Since quitting porn I have been on a steady incline towards downloading a new – one could say Alpha – operating system for myself. I feel more alive, and the small things – whether it’s taking a walk, cooking for my girlfriend, listening to music or something else – all make a big impression on me. My life-goals have also changed: from wanting to get certain things to wanting to be a certain way. I realise how, intrinsically, I have everything I need to live every day fulfillingly.
I don’t want to ‘escape’ from life into porn anymore. I have in fact been striving to escape from porn back into life, and that means no more objectification of women. No more relying on digital images for sexual arousal. No more spying on the intercourse of other people (we wouldn’t feel right about it if they were in the room, would we? so why is it OK through a computer screen?). No more comparing 8-10 different pornstars in order to get off. And most importantly: no more instant gratification; a gratification so instant that the urge is satiated before you even have the chance to notice it. That certainly was the case with me: before I even knew I was entering puberty, masturbating to digital prostitutes online became a primary reflex to stress.

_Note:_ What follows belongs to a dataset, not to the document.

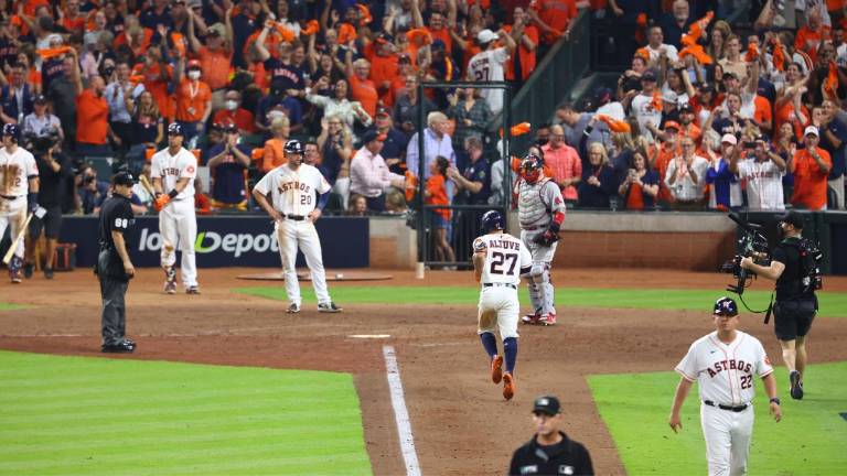 Beisbol José Altuve conecta jonrón por Astros.( Foto: Twitter @LosAstros ) Beisbol Correa y Altuve guían a Astros al triunfo ante Medias Rojas 15 octubre 2021

In the words of Aldous Huxley, “Conditioned reflex: – it seemed, I remember, to put the lid on everything. Whereas actually, of course, it merely restated the doctrine of free will. For if reflexes can be conditioned, then, obviously, they can be re-conditioned. Learning to use the self properly, when one has been using it badly – what is it but re-conditioning one’s reflexes?” NoFap has helped me to restate my free will, re-condition my reflexes and start conforming to my ideal vision of myself, and I’m eternally grateful to them.